═══ INPUT DATA
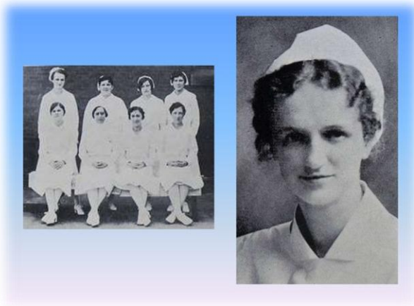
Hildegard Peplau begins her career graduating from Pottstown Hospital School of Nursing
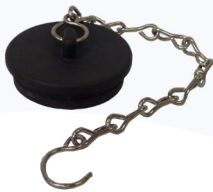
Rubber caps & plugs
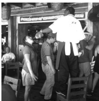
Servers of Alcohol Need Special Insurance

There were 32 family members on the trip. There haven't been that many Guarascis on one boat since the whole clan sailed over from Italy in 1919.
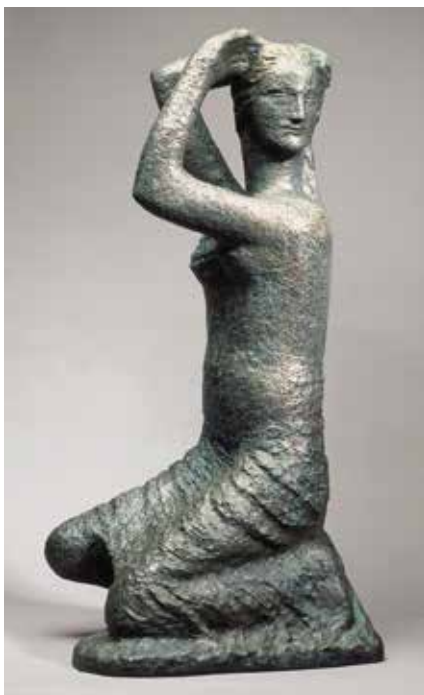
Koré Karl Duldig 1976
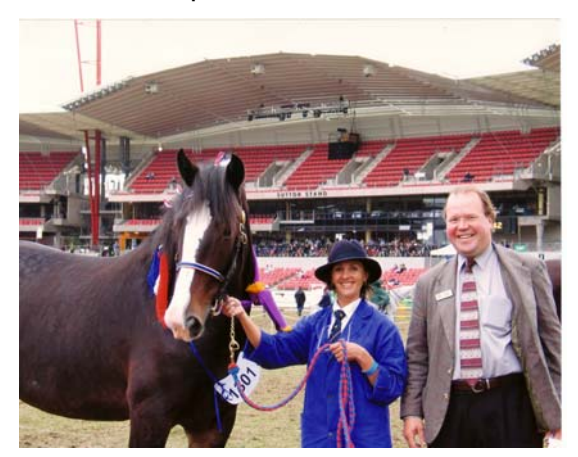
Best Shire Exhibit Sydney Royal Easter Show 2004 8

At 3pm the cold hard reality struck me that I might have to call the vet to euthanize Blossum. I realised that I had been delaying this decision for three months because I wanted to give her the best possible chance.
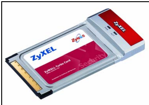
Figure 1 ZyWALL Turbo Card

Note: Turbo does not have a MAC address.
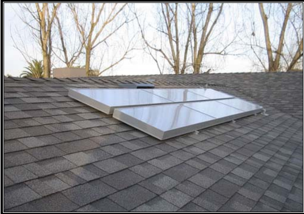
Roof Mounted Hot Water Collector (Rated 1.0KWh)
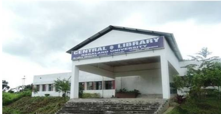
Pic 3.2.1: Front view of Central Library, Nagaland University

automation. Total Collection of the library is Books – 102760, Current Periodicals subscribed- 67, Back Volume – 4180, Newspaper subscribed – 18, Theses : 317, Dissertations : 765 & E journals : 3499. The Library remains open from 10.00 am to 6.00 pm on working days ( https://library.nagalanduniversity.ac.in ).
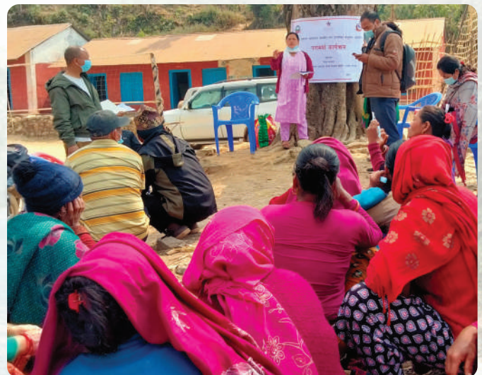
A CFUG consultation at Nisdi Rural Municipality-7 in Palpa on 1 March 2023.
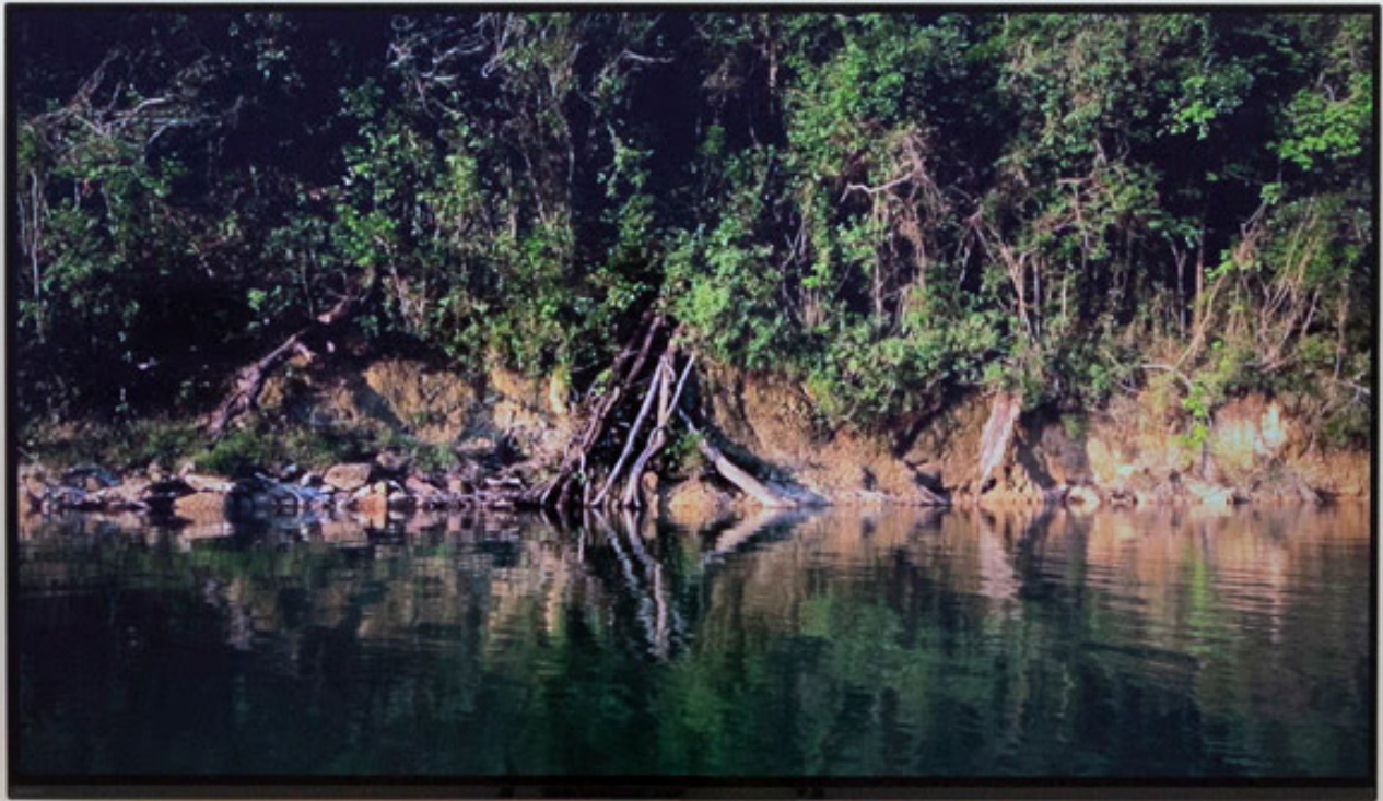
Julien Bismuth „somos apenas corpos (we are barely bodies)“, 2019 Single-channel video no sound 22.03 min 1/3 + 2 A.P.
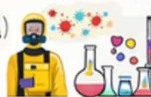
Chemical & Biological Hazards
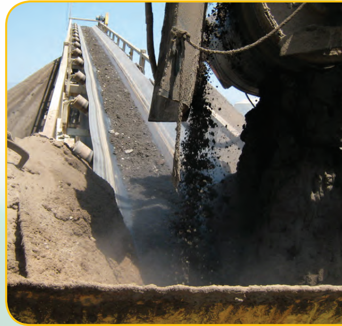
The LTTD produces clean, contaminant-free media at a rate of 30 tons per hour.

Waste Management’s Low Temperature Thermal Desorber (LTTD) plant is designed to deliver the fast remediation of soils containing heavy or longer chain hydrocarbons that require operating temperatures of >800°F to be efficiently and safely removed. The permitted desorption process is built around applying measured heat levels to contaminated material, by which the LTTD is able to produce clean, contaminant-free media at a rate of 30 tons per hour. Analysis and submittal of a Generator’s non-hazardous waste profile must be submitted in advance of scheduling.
══════
═══ INPUT DATA
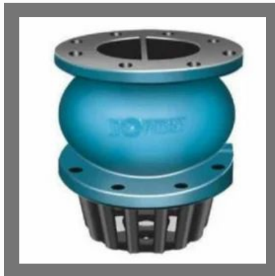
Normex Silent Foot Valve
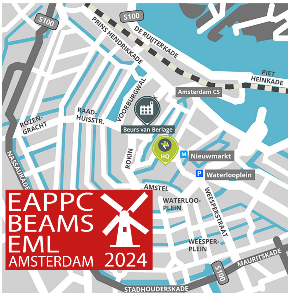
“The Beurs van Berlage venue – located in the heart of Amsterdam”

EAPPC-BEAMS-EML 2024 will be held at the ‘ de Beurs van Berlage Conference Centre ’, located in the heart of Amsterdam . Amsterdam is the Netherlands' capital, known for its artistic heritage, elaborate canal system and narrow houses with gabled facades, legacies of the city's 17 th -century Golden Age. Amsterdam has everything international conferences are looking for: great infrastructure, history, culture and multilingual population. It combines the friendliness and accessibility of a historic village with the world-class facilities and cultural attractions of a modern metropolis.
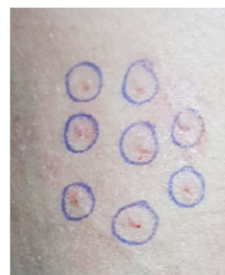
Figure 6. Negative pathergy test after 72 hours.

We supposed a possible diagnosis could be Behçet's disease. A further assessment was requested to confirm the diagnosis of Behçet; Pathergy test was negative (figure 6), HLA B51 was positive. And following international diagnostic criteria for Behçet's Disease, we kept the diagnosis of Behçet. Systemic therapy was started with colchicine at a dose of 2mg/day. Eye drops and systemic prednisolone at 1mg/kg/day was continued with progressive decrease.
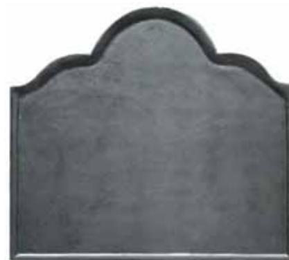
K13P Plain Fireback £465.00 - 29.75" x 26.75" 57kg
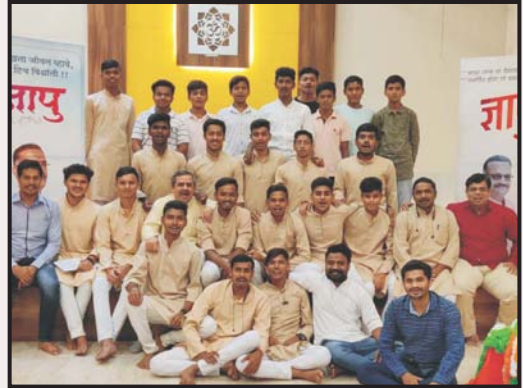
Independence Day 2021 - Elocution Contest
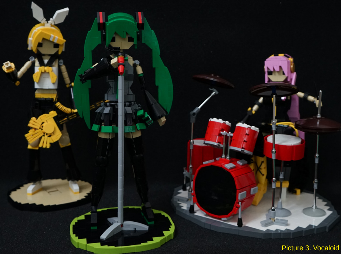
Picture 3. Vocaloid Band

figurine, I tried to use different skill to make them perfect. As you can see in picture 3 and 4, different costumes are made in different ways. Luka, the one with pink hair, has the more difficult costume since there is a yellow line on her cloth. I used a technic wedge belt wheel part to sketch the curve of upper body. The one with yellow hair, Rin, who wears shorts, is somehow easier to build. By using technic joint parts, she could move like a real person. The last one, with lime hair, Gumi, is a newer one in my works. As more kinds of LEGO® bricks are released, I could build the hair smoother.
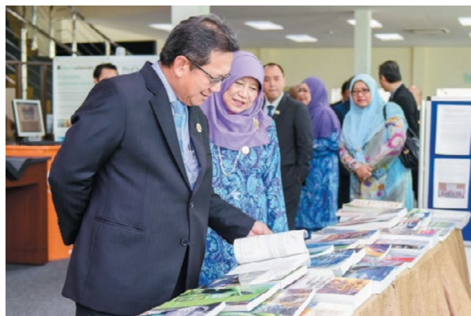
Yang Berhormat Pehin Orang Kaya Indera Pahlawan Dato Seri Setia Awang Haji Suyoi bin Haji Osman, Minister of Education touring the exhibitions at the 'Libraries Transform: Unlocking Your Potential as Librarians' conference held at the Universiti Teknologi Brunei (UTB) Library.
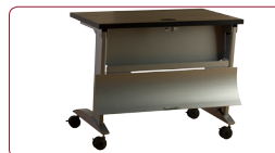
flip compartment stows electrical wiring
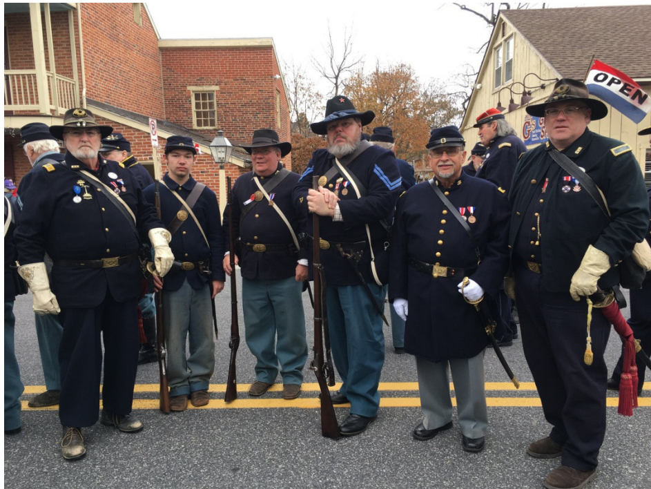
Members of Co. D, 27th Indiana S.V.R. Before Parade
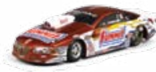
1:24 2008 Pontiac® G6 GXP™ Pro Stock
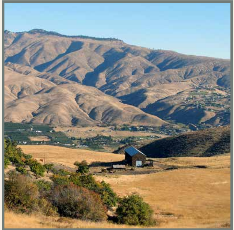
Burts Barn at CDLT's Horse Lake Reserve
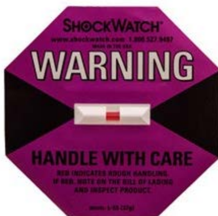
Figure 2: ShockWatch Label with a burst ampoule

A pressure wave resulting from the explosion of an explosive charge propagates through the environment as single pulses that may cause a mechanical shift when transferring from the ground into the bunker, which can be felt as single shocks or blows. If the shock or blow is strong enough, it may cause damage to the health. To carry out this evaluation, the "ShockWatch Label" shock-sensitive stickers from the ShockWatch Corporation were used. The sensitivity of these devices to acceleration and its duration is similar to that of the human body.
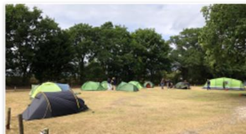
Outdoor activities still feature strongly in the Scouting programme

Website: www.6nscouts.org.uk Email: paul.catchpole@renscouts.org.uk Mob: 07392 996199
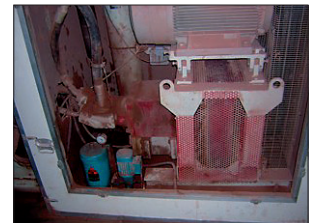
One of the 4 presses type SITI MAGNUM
══════
Search the records for the word "possible", then list every line that has it.

At 3pm the cold hard reality struck me that I might have to call the vet to euthanize Blossum. I realised that I had been delaying this decision for three months because I wanted to give her the best possible chance.
We supposed a possible diagnosis could be Behçet's disease. A further assessment was requested to confirm the diagnosis of Behçet; Pathergy test was negative (figure 6), HLA B51 was positive. And following international diagnostic criteria for Behçet's Disease, we kept the diagnosis of Behçet. Systemic therapy was started with colchicine at a dose of 2mg/day. Eye drops and systemic prednisolone at 1mg/kg/day was continued with progressive decrease.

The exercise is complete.